Allis, c’est moi, mais l’histoire de ce livre n’est pas la mienne. C’est celle d’Alexandre, de Maria et de Yann – d’Élisabeth et de Manon aussi – telle qu’elle me fut racontée il y a des années, telle que je l’ai reconstruite. Ce n’est pas la mienne, sinon par rebonds. Pas la mienne, si ce n’est notre commune quête d’amour.
« Là où est ton trésor, là aussi sera ton cœur. »
Dans le village où j’habite aujourd’hui, mes voisins m’apportent de la soupe quand ils me voient triste, et quand je tousse, ils viennent me faire de la tisane de romarin et de thym sauvage.
Je vis dans une maisonnette au milieu des oliviers avec Maya, ma grosse chienne noire qui fout la trouille à tout le monde. En réalité, c’est elle qui a peur. Maya pèse plus de soixante-dix kilos, c’est un cauchemar de la voir foncer, babines écumantes,
yeux exorbités, pour vous bouffer tout cru. Il suffit cependant que je dise « non » pour qu’elle freine, comme dans les bandes dessinées, dans un nuage de poussière. Elle me contemple alors d’un air perplexe, Laisse-moi le dévorer, celui-là, allez, quoi. Celui-là, c’est le nouveau facteur ou le ramoneur à sa première visite. Sa dernière aussi, probablement. Le facteur va désormais glisser le courrier sous le rideau de fer du garage, et ma cheminée fumera beaucoup l’hiver prochain.
Je ne sais pas pourquoi ça me plaît qu’elle soit comme ça. Peut-être parce que moi aussi j’ai peur. Et parce que moi aussi je peux être sauvage.
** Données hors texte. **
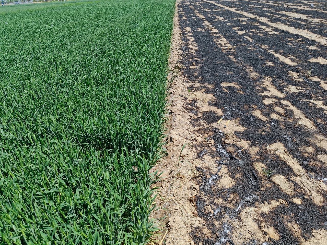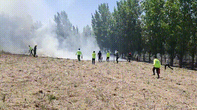 大家按照預案快速分成三組,與屬地消防隊開始聯合行動,一組隊員手持干粉滅火器,以扇形戰術向火場核心推進,撲滅點狀火源;二組隊員駕駛灑水車構建“水幕墻”,截斷火勢蔓延的路徑,并為當地消防車補充水源;三組隊員揮動斧頭鐵鍬,在火場外圍緊急開辟防火隔離帶,嚴防飛火復燃。隨著項目與當地消防隊員的通力協作,1小時后現場明火已經基本撲滅,此時火場與麥田僅僅一線之隔。
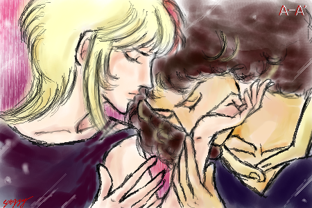 | 説明文 | 1/15Fri,AQUAさんへのBD絵、萩尾望都『A-A'』より、アディの手首へ口付けするレグ。1回目、軽く黒主線入れ。 萩尾絵は、初挑戦。少女漫画の繊細な線は、難解; 話のあらすじは、カバー裏によると・・・ コンピューターのエキスパート・一角獣種のアディは、事故で命を落とすが、クローンとして蘇る。彼女を待つ恋人レグは、複雑な思いにかられていた。宇宙を舞台に、変異種の悲哀と朴とつな愛を描いた作品 クローンで、元のアディでは、無い事に、最初抵抗が有ったレグ。共に暮らす内に段々と 打ち解けて来る。アディが唯一の友だった、ポニー(毛長の黒馬)が、クレバスに落ちて死んだ時のアディの手首、背中の傷が、クローンには当然ながら無い。 その思い出を語る本体のアディの手首に口付けするレグ・・・の図。 本編なので、モノクロ、二人とも目を閉じ、黒い服と、レグの黒いウェーブの長髪(カラーでは 灰色や緑など)が、背景のベタと一緒になっている画面処理・・・ 複雑な構図で無いが、右横向きのアディ、伏し目で口付けするレグの鼻、顔輪郭、 指・・・が難;ロマンチックなシーンが、お笑いにならないか; どうもバイオリズム低下時期で、踏ん張りが効かない; 目に負担が来ないよう、一旦保存で、明日16Sat夜中完成を目指す・・・ 構図は簡単そうだが、髪やらやはり難;・・・ 1/16Sat,2回目、線直し、塗り、完成。手本見ても、色々おかしい; 髪、指…アディも 右横向きで、鼻、口が; 指も、枝のよう; 少女漫画難しい(>_<") 資料では、アディの後ろ髪は省略で、モノクロページなので、レグの髪、2人の服と背景が 黒ベタで溶け込んでいる。 塗りで、アディの服は、赤紫、レグは青紫、髪は焦げ茶へ。セリフも、アディ本体が、唯一の友の馬を亡くした時の傷(手首)を見せ、レグは傷に口付けした。 「あのアディの髪にふれ あのきずにくちづけをした・・・あのきずはもうないのだ」 セリフを入れたら邪魔なので、作品タイトルだけ。 背景は黒ベタだが、上のコマの手描き縦線をテクスチャで、ベタに散らした白丸を、白い 細かいドットで。 線も再現しきれてないので、塗りも、我流; 薄い水彩タッチで、濃い色は少ないが; 簡単そうに見えて全然; ただ、初めて挑戦して、少し世界観や、絵に触れられたのは良い体験だった。非公開のまま、しばらく・・・ 1/23Sat,日記添付したので、下書き→外部公開へ |
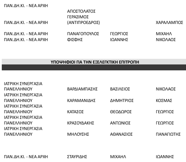 Υποψηφιότητα για την Εξελεγκτική Επιτροπή έθεσαν οι εξής Συνδυασμοί:
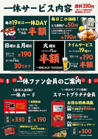 フラッと気軽に足を運べる、大衆感漂う店内!居酒屋一休は、少人数から団体様、ご友人同士の飲み会や各種宴会まで幅広いシーンでご利用いただけます☆みんなでワイワイ楽しむなら一休!皆様のご来店を心よりお待ちしています♪
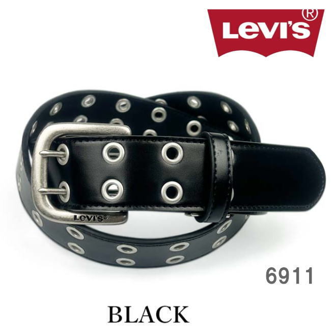 - ブラック リーバイス 6911 ダブルピン ベルト 合皮 幅4 メンズ レディース

Mes journées ici sont tranquilles, semblables les unes aux autres. Le matin je pars courir dans les bois, l’après-midi j’écris, je fais du feu dans la cheminée et je lis quelques vieux bouquins, romans et essais. Dernièrement, je médite la phrase de saint Augustin, « Aime et fais ce que tu veux. » Pendant longtemps, je n’y ai rien compris. Puis, une nuit où je ne dormais pas, j’ai commencé à y voir plus clair. Qu’est-ce qu’on entend par amour ? Pour moi, ce n’est pas la passion des premiers mois, la brûlure des débuts. J’ai toujours eu hâte de ce qui vient après, poursuivant cette joie fragile et responsable, cette continuité. Amour de douceur et douceur d’amour, où l’on renonce à s’affirmer pour aller vers la compassion humaine, la charité. Comme l’écrivait le philosophe allemand Adorno dans
Minima Moralia
, « Tu seras aimé lorsque
tu pourras montrer ta faiblesse sans que l’autre s’en serve pour affirmer sa force. » « Aime et fais ce que tu veux », c’est aller dans le sens de la réalité de l’amour, là où il tient lieu de morale, là où il conduira vers la vertu. L’amour, c’est le droit chemin de l’existence.
Lavée des illusions – et Dieu sait que j’en ai eu –, il me semble que je marche à présent vers ma vérité. Quelle qu’elle soit. Comme Alexandre l’a fait, et Yann, et Maria.